CVE-2025-13667
Stored XSS in WP Recipe Manager 'Skill Level' Field
Publication date: 2026-01-07
Last updated on: 2026-01-07
Assigner: Wordfence
Description
Description
CVSS Scores
EPSS Scores
| Probability: | |
| Percentile: |
Meta Information
Affected Vendors & Products
| Vendor | Product | Version / Range |
|---|---|---|
| unknown_vendor | wp_recipe_manager | to 1.0.0 (inc) |
Helpful Resources
Exploitability
| CWE ID | Description |
|---|---|
| CWE-79 | The product does not neutralize or incorrectly neutralizes user-controllable input before it is placed in output that is used as a web page that is served to other users. |
Attack-Flow Graph
AI Powered Q&A
Can you explain this vulnerability to me?
The vulnerability in the WP Recipe Manager plugin for WordPress is a Stored Cross-Site Scripting (XSS) issue occurring via the 'Skill Level' input field. Due to insufficient input sanitization and output escaping, authenticated users with Contributor-level access or higher can inject arbitrary web scripts. These scripts are stored and executed whenever any user accesses the affected page, potentially compromising user interactions and site security.

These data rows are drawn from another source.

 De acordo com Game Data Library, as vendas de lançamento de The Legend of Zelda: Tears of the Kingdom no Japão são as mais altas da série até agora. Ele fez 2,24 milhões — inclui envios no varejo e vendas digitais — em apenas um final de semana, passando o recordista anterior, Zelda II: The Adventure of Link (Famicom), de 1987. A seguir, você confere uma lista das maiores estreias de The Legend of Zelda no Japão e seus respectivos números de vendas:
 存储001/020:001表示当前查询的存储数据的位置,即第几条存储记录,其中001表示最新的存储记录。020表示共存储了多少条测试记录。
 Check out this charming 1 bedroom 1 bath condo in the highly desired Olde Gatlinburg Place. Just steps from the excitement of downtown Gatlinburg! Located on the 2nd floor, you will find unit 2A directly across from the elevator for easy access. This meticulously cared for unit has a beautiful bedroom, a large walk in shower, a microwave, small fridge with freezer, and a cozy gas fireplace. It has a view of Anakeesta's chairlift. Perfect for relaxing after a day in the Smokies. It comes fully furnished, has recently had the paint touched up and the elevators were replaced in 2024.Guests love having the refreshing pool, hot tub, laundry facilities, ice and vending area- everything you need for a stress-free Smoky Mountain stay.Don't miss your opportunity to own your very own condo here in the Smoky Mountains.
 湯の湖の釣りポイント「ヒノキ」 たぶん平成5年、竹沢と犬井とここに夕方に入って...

How can this vulnerability impact me? :
This vulnerability can allow attackers with Contributor-level access to inject malicious scripts into pages viewed by other users. This can lead to unauthorized actions performed on behalf of users, theft of sensitive information such as cookies or session tokens, defacement of the website, or distribution of malware. It compromises the integrity and trustworthiness of the website and can affect all users who view the injected content.
How can this vulnerability be detected on my network or system? Can you suggest some commands?

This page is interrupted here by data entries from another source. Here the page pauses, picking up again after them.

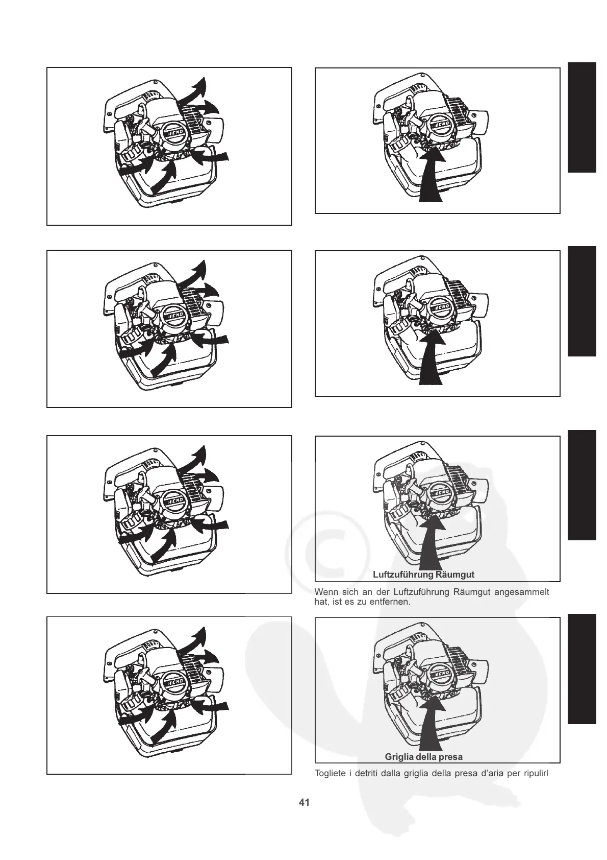 Togliete i detriti dalla griglia della presa d’aria per ripulirlo.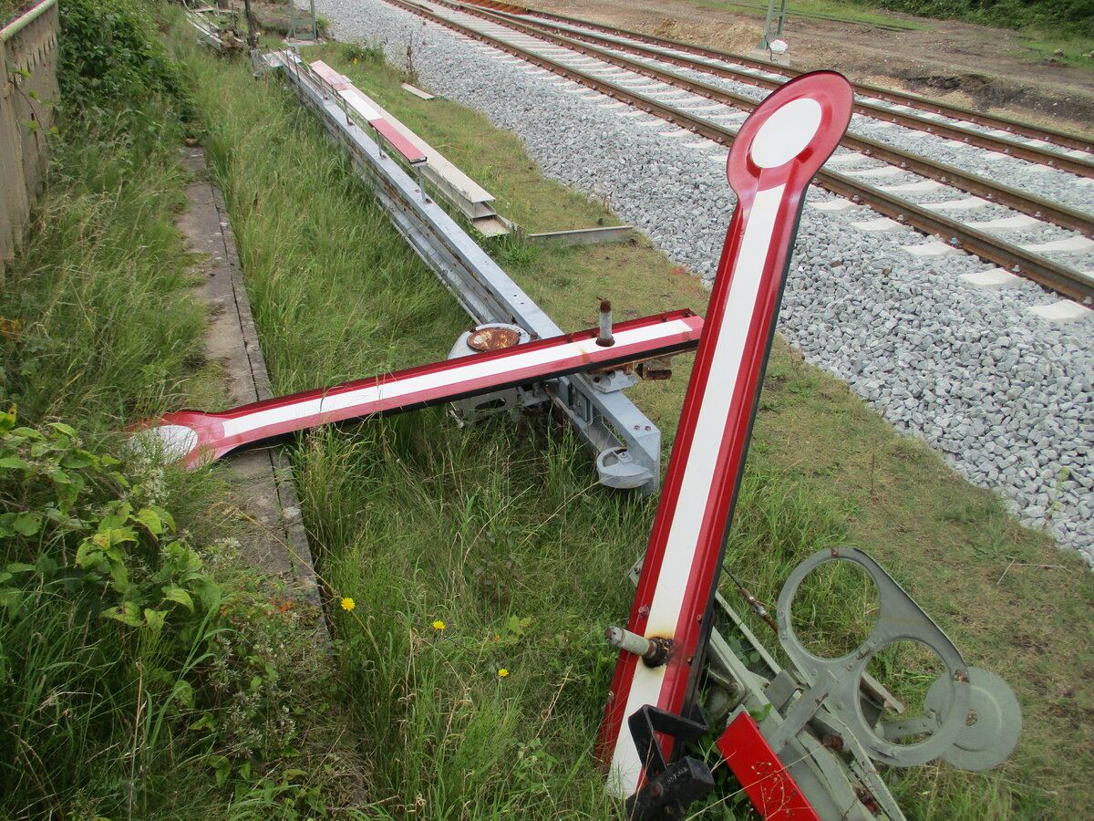 Aufgenommen vom offenen Bahnübergang Straße der Einheit.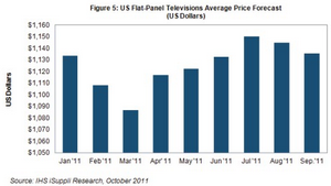 IHS公司預測,電視轉播橄欖球賽季,以及年底假日銷售季促銷活動開始,預計未來幾個月電視價格將會下降,零售商可能出清庫存,準備進貨2012年新款產品。在經濟不景氣之際,美國市場對價格仍然高度敏感,品牌廠商可能極其重視質量和創新,以此來打敗競爭對手。
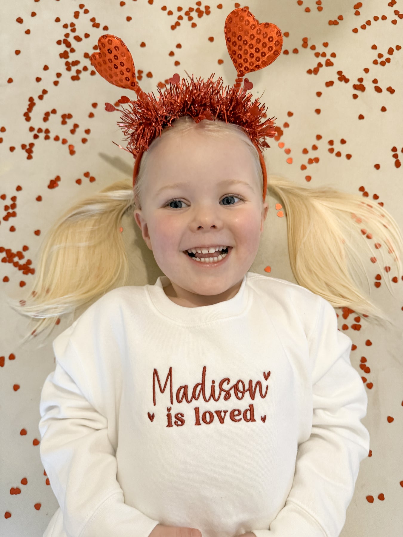 Wrap your little one in pure comfort with this charming Mabel & Fox personalised jumper. Crafted in soft white fabric with a splash of cheerful red embroidery, it's customised with your child's name and paired with "is loved" - a sweet reminder everyday.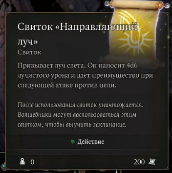 Теперь нужно решить, что делать с книгой: прочитать или уничтожить. Если вы осмотрите ее, то заметите уязвимость только от одного вида урона – «Лучистый». Хотя заклинание-фокус «Священное пламя» наносит урон такого типа, книгу им уничтожить не получится. Но подойдет заклинание «Направляющий луч». За уничтожение фолианта вы получите 50 ОО. Задание будет завершено. (Книгу также можно отдать Гейлу. Он высосет магическую энергию и уничтожит книгу. Возможен баг, при котором задание не закрывается)

This vulnerability can be detected by checking for the presence of the WP Recipe Manager plugin version 1.0.0 or earlier installed on your WordPress site. Since the vulnerability involves Stored Cross-Site Scripting via the 'Skill Level' input field, you can test by attempting to inject script payloads into this field with an authenticated user having Contributor-level access or higher and then viewing the affected pages to see if the script executes. There are no specific commands provided in the resources to detect this vulnerability automatically on your network or system. [1, 2]
What immediate steps should I take to mitigate this vulnerability?
Immediate mitigation steps include restricting Contributor-level and higher users from inputting untrusted data into the 'Skill Level' field until a patch or update is applied. You should update the WP Recipe Manager plugin to a version later than 1.0.0 once available, as the vulnerability is due to insufficient input sanitization and output escaping. Additionally, consider implementing Web Application Firewall (WAF) rules to block malicious script payloads targeting this field and monitor user inputs for suspicious content. [1, 2]
How does this vulnerability affect compliance with common standards and regulations (like GDPR, HIPAA)?:
The vulnerability allows authenticated attackers with Contributor-level access and above to inject arbitrary web scripts via Stored Cross-Site Scripting (XSS). This can lead to unauthorized access to user data or session hijacking, potentially resulting in data breaches. Such breaches may violate data protection regulations like GDPR and HIPAA, which require safeguarding personal and sensitive information against unauthorized access and ensuring secure handling of user data. Therefore, this vulnerability could negatively impact compliance with these standards by exposing user data to attackers.